Auto giants to boost US production, cut costs, shift supply chain to offset tariff burden

The reduction of US tariffs on South Korean automobiles to 15 percent offers only limited relief for Hyundai Motor Group, which faces mounting challenges in the world’s second-largest car market. Stripped of its former zero-tariff advantage under the FTA, the automaker is bracing for a tougher fight to maintain its competitive edge.
According to Seoul's presidential office, Korea and the US negotiated a 15 percent tariff on Korean-made automobiles on Thursday, lowering the rate from 25 percent. This adjustment addresses item-specific tariffs that were initially imposed to protect strategic US industries alleged to have contributed to trade imbalances.
Japan and the EU had previously faced a 2.5 percent tariff on automobile exports to the US before securing their respective 15 percent trade deals. In contrast, South Korean automobiles entered the US tariff-free under the Korea-US Free Trade Agreement.
Citing this discrepancy, Seoul had pushed for a lower 12.5 percent tariff rate in the latest negotiations. However, Washington rejected the proposal, saying it faced political pressure to apply a uniform 15 percent tariff across all three regions.
“When Japan first secured the 15 percent rate, it had already faced strong backlash from the United Auto Workers and Detroit’s Big Three US automakers (General Motors, Ford and Stellantis),” said Trade Minister Yeo Han-koo during a press briefing earlier in the day.
Emphasizing that Korea might have risked any chance of tariff reduction if it had insisted on the 12.5 percent levy, Yeo added, “From the US perspective, maintaining a minimum 15 percent levy was crucial to protect its auto industry and align with the political climate, regardless of (our) FTA status.”
Yeo noted that further tariff reductions are unlikely for the time being, given the need of the US to maintain a balance with other partners like Japan and the EU. He emphasized the government’s commitment to capitalizing on every chance to lower tariffs “even if it’s by just 1 percent.”

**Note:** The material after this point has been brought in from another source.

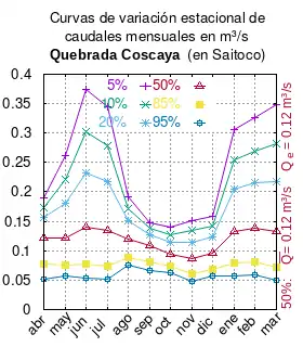 El caudal del río (en un lugar fijo) varía en el tiempo, por lo que existen varias formas de representarlo. Una de ellas son las curvas de variación estacional que, tras largos periodos de mediciones, predicen estadísticamente el caudal mínimo que lleva el río con una probabilidad dada, llamada probabilidad de excedencia. La curva de color rojo ocre (con ) muestra los caudales mensuales con probabilidad de excedencia de un 50%. Esto quiere decir que ese mes se han medido igual cantidad de caudales mayores que caudales menores a esa cantidad. Eso es la mediana (estadística), que se denota Qe, de la serie de caudales de ese mes. La media (estadística) es el promedio matemático de los caudales de ese mes y se denota .

Industry insiders indicate that the 15 percent auto tariff represents an “unsuccessful bargain” for Korea, as it loses the advantage it had over Japan, the EU and other competitors under the FTA-based zero tariff benefits it previously held.
“While Korea, Japan and the EU are now subject to the same 15 percent auto tariff, Korea must address the additional costs brought on by losing the 2.5 percent tariff advantage it previously held over the other two regions under the FTA,” said Kim Pil-su, an automotive engineering professor at Daelim University.
“Although 15 percent is better than the previous 25 percent, it's not a win for Korea,” Kim added.
Kim Tae-hwang, an international trade professor at Myongji University, echoed that view and noted, “Even if Korea had granted the US full access to its rice and beef markets, Donald Trump wouldn’t have allowed a single-digit tariff on Korean automobiles, citing the need for fairness with other car exporters. From the start, it was a losing game for Korea.”
According to NH Investment & Securities, under the 15 percent levy, Hyundai’s annual tariff burden is projected to be approximately 2.6 trillion-2.7 trillion won ($1.87 billion-$1.94 billion) annually. Samsung Securities estimates Kia’s annual tariff impact to be 2.3 trillion won.
Hyundai Motor and Kia already experienced the impact of 25 percent US tariffs in the second quarter. Despite a surge in sales revenue, Hyundai and Kia’s operating profit declined on-year by 15.8 percent to 3.6 trillion won and 24.1 percent to 2.8 trillion won, respectively. The combined negative effect of tariffs on the two carmakers totaled 1.6 trillion won.
Kim, the engineering professor, stated that Hyundai Motor Group’s key strategy would involve fast-tracking its production in the US while expanding its presence in other key auto markets such as Europe.
On March 24, Hyundai Motor Group Chair Chung Euisun announced a $21 billion investment over four years in the US, focusing on achieving an annual production capacity of 1.2 million vehicles.
In its second-quarter earnings conference call, Hyundai Motor said it plans to implement flexible pricing strategies and cost-saving measures and bolster production in the US, including local sourcing of auto parts. Kia vowed to redirect approximately 25,000 vehicles produced at its Georgia plant toward the US market.
In response to the finalized tariffs, Hyundai Motor Group stated, “We extend our deepest gratitude to the government departments and the National Assembly for their dedicated efforts in resolving the tariff issues with the US.”
“Hyundai Motor and Kia plan to pursue diverse strategies to minimize the impact of tariffs while further strengthening their competitiveness through enhanced quality, stronger brand positioning and technological advancements.”